On Friday morning when I woke up, I lit a candle we brought back from St. Augustine for a friend who was in labor. I knelt and prayed for mother and baby in front of our family altar, asking for a safe and joyful delivery. By noon, I heard that mama and baby were safe and after saying a prayer of thanksgiving for the miracle of new life, I blew out the candle and went about my day.
That afternoon, I received news that sent my head was spinning and I sat down on the hardwood floor when I heard that a very beloved professor who became a dear friend was dying. I hadn’t even known she was ill. A mutual friend got in touch with me to say that after a valiant fight against leukemia, she was going home to spend her last days with her family. She has twin girls, only nine years old. Her name is Susan and she is lovely. Although I didn’t even take one of her classes, she took the time to befriend me. Not because it would help her career, she taught in a different department, just because she knew I was overwhelmed and lonely as a new mother and needed a friend who wasn’t a single college student to talk to about motherhood. She and her husband would bring us meals and I would carefully watch her interactions with her twins, taking mental notes. She is such a good mother and after babysitting her daughters and spending time with them, it was clear that she and her husband had been so intentional and thoughtful in their parenting. Her girls are bright, warm, imaginative little girls with delightfully untidy curly hair. My heart breaks for them. Susan is the kind of mother that I strive to be. I still can’t believe that they will lose her. Losing a mother at any age is painful, but you so deeply need your mother at nine.
So, I lit a candle for the second time, knowing that this second vigil will end very differently than the first. I cried, prayed, and after nursing my baby to sleep, tried to go to bed myself. When my teething baby girl woke every hour or so in the night to be comforted about her painful gums, I didn’t sigh at the frequent interruptions to my sleep like I usually would. I cherished every second of holding my precious baby close to nurse her back to sleep and prayed for Susan and for the girls she has to leave.
Birth. And Death. So close together. The similarity of birth and death was on my mind. This morning I heard that one of the twins will be baptized today.
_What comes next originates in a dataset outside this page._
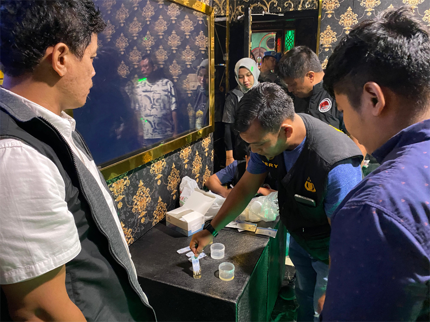 Aparat kepolisian lakukan tes urine terhadap para pengunjung THM Capital Building (Foto Ist/pnc)

A beautiful depiction of death preceding new life. And I started to think that perhaps the first vigil is not so very different from the second. The pain and suffering of labor preceding the joy of new life. The pain and suffering of death preceding life eternal. The symbolism of baptism: dying to live in Christ. And I kept thinking about T.S. Eliot’s “The Journey of the Magi” :
…were we lead all that way for
Birth or Death? There was a Birth, certainly,
We had evidence and no doubt. I have seen birth and death,
But had thought they were different; this Birth was
Hard and bitter agony for us, like Death, our death.
I thought about the birth of Our Lord, always under the shadow of the Cross. And I thought about the Cross: the defeat of death and our redemption, salvation, and only hope. Both new life, and both death. Joy and sorrow. Sorrow and joy.
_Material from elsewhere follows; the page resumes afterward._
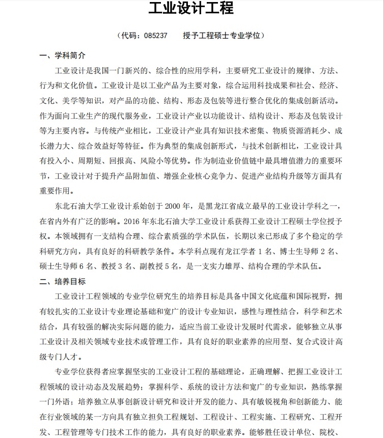 工業(yè)設(shè)計(jì)工程碩士簡(jiǎn)介 發(fā)布時(shí)間:2019-09-01 上一篇:東北石油大學(xué)工業(yè)設(shè)計(jì)系簡(jiǎn)介 下一篇:東北石油大學(xué)2021年考研招生目錄(機(jī)械-工業(yè)設(shè)計(jì)工程)

As I keep vigil in my heart for Susan and her family, I will pray that the Mother of Our Lord will gather the girls under her starry mantle as they face the sorrow of losing their mother. And I will thank God for the honor of knowing Susan and for the hope for eternal life in the midst of pain.
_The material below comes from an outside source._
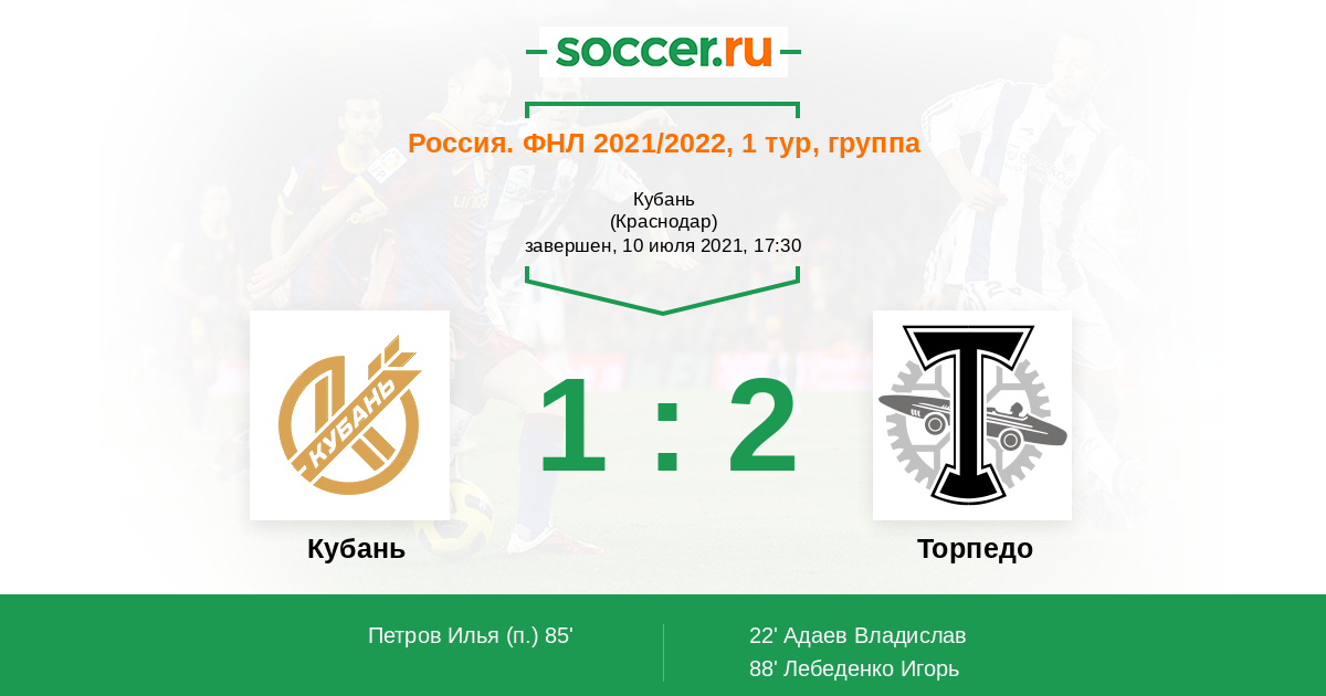 «Кубань» — «Торпедо». Прогноз на матч ФНЛ (10.07.2021)

The last enemy to be destroyed is death – 1 Corinthians 15:26
Please remember Susan and her family in your prayers.
Mary Susan says
Praying now.
Rachel says
Haley,
Dr. Elizabeth Corey is compiling a bunch of memories of Dr. Colon for her girls. Not sure if you had already heard that, but thought you (and any other older people whose Baylor emails have gone defunct) would like to know.
They played this hymn called “How Can I Keep from Singing” at her funeral. It was astounding. This was her favorite recording (a snippet, I can’t find the whole thing online anywhere): http://www.mycatholicvoice.com/media/WaYfx0
Pax,
Rachel
Haley says
Rachel, I’m so glad you let me know about the memory compilation. I didn’t know about it and I know some other folks who will definitely want to do that. I love that hymn. Now it will always remind me of Susan. Bless you.